Slope Calculator

Slope describes the steepness of a line. Use m = (y₂ − y₁)/(x₂ − x₁) = tan(θ) to relate coordinate changes to the line's angle of inclination.

Rise over runAngle and slope conversionCoordinate geometry

Slope fundamentals at a glance

Slope measures how quickly a line rises or falls as it moves horizontally. It is a cornerstone of analytic geometry and appears throughout physics, engineering, and data analysis.

Key ideas

  • Slope definition: Slope m quantifies the steepness or inclination of a line. Positive slopes rise as x increases, negative slopes fall, and a slope of zero corresponds to a perfectly horizontal line.
  • Formula meaning: The slope formula m = Δy / Δx compares vertical change (y₂ − y₁) to horizontal change (x₂ − x₁). It is often summarized as “rise over run”.
  • Angle of inclination θ: θ ranges from 0° to 180°. The relationship m = tan(θ) links slope to angle.

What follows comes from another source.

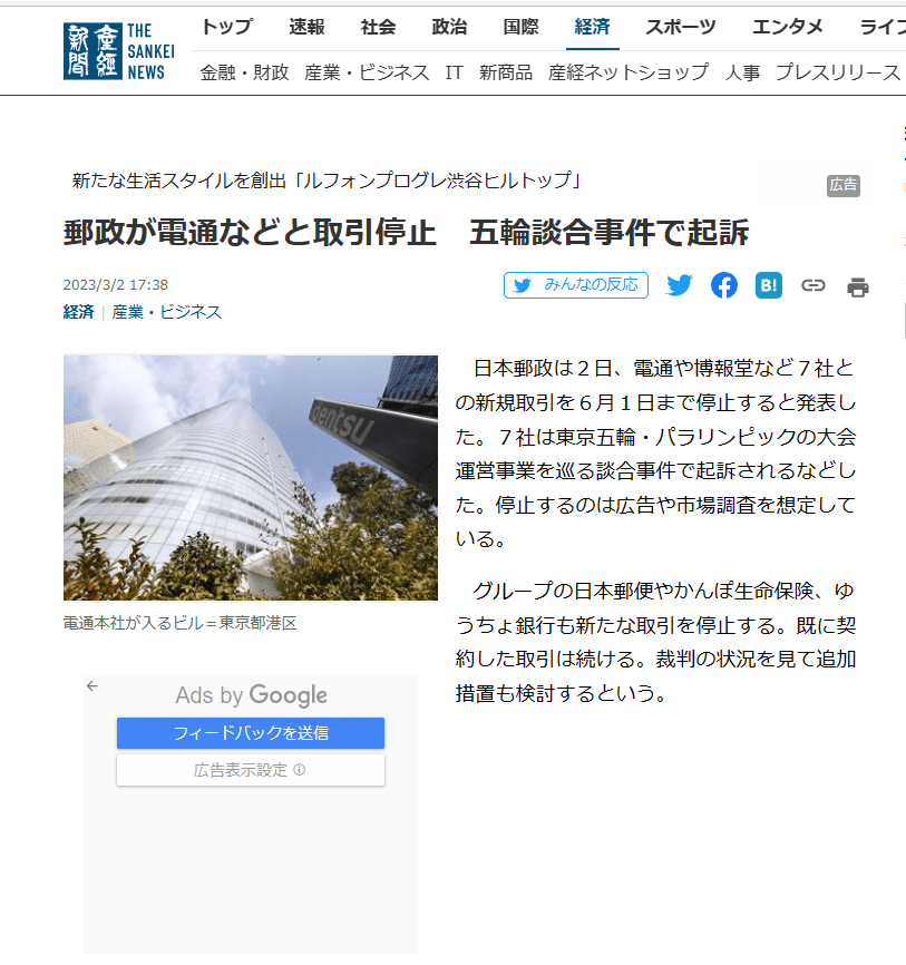 日本政府から少なくとも9ヶ月の新規取引の停止は履行されますし、電通グループとしてはかなりの痛手でしょうね。しょうがありませんよ。事実上の、公金横領のようなことをやっていたら、そうなりますよ。

At θ = 90° the line is vertical, Δx = 0, and slope is undefined because division by zero is not possible.
  • Distance along a line: When you know a starting point, slope (or angle), and a distance, the calculator produces both points located that distance away in opposite directions. Vertical lines shift only in y, while other lines move in both x and y according to the slope.
  • Practical significance: Slope expresses rates of change—such as velocity in physics or gradient on a hiking trail. For example, the points (0, 0) and (2, 4) yield m = 2, meaning y increases two units for every unit of x.